→ Excerpted records
━━━━━━━━━━━━━━━━━━━━━━━━━━━━━━

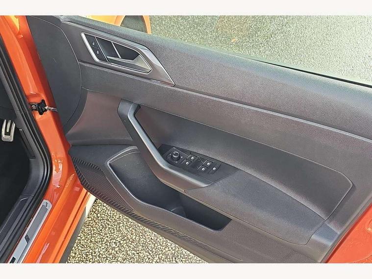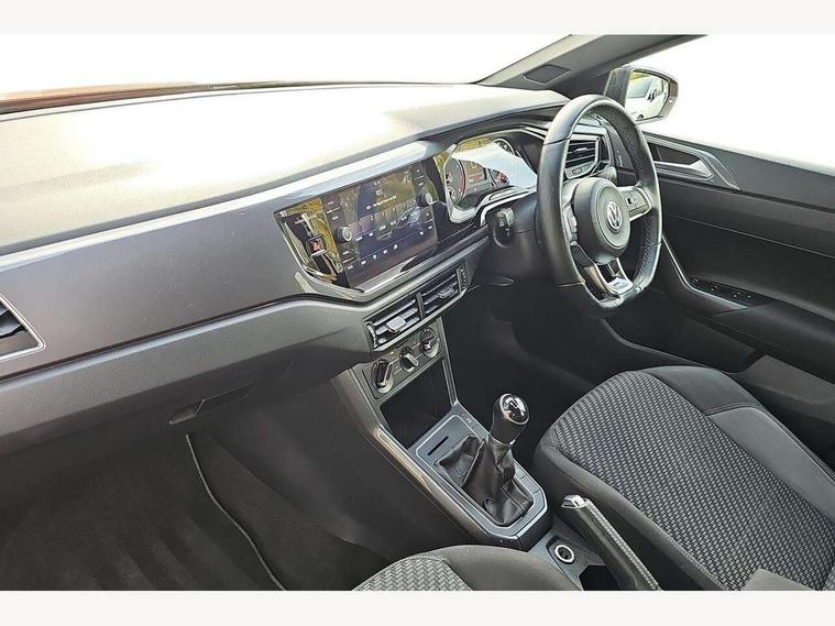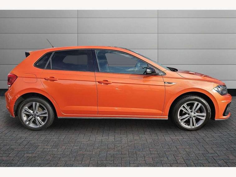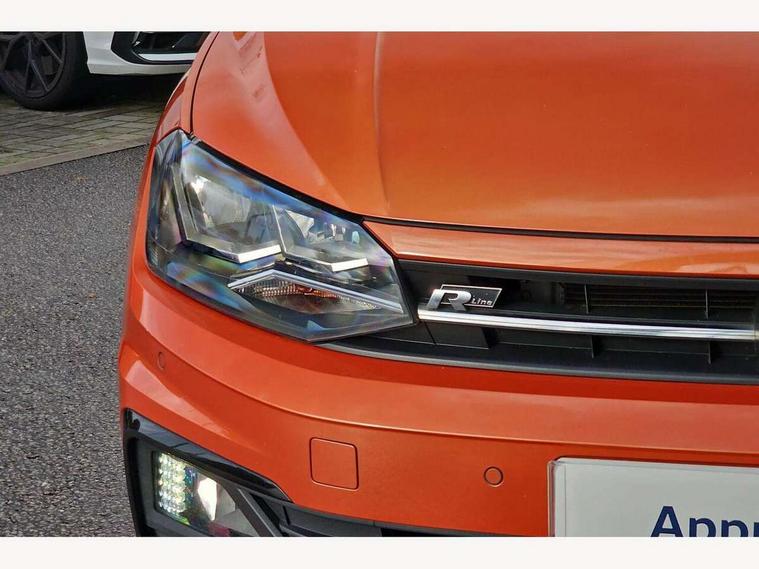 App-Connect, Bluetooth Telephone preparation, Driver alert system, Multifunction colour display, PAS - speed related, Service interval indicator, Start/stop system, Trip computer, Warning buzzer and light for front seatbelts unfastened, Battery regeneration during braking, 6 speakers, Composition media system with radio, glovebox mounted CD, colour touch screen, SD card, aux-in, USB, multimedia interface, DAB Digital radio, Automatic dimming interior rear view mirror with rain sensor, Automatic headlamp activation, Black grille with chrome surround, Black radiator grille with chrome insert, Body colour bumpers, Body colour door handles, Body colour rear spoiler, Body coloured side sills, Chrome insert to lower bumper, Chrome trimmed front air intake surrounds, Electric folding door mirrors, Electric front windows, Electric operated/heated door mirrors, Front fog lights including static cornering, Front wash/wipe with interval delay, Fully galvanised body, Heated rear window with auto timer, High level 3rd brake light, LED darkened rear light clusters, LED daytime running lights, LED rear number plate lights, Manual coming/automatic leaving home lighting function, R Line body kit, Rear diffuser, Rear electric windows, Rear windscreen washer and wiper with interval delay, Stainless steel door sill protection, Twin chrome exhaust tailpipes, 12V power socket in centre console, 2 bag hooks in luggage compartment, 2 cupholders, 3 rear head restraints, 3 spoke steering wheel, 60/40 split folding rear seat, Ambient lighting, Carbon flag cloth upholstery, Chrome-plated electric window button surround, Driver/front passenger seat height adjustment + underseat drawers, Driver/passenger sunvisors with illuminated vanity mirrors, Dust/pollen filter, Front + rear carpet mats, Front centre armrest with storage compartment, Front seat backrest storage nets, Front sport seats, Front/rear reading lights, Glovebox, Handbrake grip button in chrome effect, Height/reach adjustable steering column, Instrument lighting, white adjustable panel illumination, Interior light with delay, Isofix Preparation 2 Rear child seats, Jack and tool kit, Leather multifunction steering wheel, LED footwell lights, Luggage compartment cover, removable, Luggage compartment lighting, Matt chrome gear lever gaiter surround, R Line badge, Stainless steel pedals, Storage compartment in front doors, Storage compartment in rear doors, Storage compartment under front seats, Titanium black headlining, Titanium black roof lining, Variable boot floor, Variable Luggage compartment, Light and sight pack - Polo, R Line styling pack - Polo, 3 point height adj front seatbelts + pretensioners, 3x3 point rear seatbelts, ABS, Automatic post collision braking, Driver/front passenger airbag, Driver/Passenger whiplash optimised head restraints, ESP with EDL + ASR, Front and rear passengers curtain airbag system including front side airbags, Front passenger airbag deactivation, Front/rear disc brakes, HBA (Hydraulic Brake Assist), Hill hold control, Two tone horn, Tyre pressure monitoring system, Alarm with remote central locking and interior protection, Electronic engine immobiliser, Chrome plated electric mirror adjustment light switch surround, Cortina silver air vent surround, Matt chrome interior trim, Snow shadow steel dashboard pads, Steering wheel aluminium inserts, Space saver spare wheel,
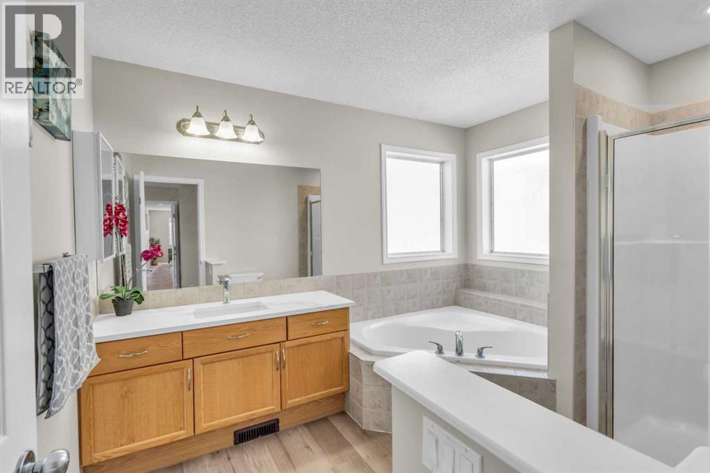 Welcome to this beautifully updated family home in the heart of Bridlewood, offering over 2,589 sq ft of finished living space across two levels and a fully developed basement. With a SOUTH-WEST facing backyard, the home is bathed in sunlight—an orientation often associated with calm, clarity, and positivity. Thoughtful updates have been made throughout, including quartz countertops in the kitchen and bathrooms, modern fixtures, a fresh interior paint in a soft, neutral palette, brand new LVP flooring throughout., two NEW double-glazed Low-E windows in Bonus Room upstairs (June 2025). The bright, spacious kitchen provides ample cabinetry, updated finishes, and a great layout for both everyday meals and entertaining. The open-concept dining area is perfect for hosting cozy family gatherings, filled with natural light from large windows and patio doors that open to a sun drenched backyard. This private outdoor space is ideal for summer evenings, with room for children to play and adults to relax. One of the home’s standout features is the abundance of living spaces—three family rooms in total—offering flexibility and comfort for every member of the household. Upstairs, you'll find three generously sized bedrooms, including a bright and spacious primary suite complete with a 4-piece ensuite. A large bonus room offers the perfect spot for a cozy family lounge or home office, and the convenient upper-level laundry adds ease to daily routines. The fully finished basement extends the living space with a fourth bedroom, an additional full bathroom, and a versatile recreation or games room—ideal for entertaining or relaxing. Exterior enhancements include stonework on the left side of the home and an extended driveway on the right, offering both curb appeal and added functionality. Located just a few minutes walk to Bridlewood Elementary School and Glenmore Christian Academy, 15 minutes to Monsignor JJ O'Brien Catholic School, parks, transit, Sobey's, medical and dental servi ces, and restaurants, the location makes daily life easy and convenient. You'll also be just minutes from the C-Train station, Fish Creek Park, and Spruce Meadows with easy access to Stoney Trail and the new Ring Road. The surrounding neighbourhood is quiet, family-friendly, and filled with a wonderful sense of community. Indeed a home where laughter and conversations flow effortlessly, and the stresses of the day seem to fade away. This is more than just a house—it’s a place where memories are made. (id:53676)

━━━━━━━━━━━━━━━━━━━━━━━━━━━━━━

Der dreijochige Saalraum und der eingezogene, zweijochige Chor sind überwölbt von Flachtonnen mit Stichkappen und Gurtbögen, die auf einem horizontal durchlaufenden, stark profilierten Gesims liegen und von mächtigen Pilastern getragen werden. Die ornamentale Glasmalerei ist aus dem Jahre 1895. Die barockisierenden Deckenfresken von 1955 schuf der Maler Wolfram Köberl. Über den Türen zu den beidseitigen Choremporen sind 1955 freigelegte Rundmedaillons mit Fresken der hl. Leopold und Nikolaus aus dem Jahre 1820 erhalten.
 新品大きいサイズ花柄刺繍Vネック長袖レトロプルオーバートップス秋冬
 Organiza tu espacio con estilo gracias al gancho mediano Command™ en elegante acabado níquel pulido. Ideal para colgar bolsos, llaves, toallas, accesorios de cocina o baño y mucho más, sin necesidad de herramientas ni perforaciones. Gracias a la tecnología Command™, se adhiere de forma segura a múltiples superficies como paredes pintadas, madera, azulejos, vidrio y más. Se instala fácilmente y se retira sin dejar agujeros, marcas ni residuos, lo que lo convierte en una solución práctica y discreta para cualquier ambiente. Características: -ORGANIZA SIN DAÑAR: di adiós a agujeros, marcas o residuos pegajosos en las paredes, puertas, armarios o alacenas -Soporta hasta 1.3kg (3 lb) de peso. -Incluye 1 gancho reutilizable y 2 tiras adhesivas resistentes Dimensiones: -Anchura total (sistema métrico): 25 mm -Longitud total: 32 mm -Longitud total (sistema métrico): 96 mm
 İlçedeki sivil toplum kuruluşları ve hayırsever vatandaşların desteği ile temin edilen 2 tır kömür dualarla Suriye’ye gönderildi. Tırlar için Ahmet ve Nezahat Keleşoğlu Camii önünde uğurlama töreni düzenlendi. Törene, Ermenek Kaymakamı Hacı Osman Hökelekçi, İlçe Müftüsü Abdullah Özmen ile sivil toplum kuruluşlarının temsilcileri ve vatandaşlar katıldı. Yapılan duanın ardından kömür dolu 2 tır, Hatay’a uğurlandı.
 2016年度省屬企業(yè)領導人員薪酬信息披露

━━━━━━━━━━━━━━━━━━━━━━━━━━━━━━

→ Work to be completed
In the listing above, find the line containing "Der dreijochige Saalraum" and the line containing "新品大きいサイズ花柄刺繍Vネック長袖レトロプルオーバートップス秋冬". Output them and every line between, exactly, and nothing else.

→ Completed exercise
Der dreijochige Saalraum und der eingezogene, zweijochige Chor sind überwölbt von Flachtonnen mit Stichkappen und Gurtbögen, die auf einem horizontal durchlaufenden, stark profilierten Gesims liegen und von mächtigen Pilastern getragen werden. Die ornamentale Glasmalerei ist aus dem Jahre 1895. Die barockisierenden Deckenfresken von 1955 schuf der Maler Wolfram Köberl. Über den Türen zu den beidseitigen Choremporen sind 1955 freigelegte Rundmedaillons mit Fresken der hl. Leopold und Nikolaus aus dem Jahre 1820 erhalten.
 新品大きいサイズ花柄刺繍Vネック長袖レトロプルオーバートップス秋冬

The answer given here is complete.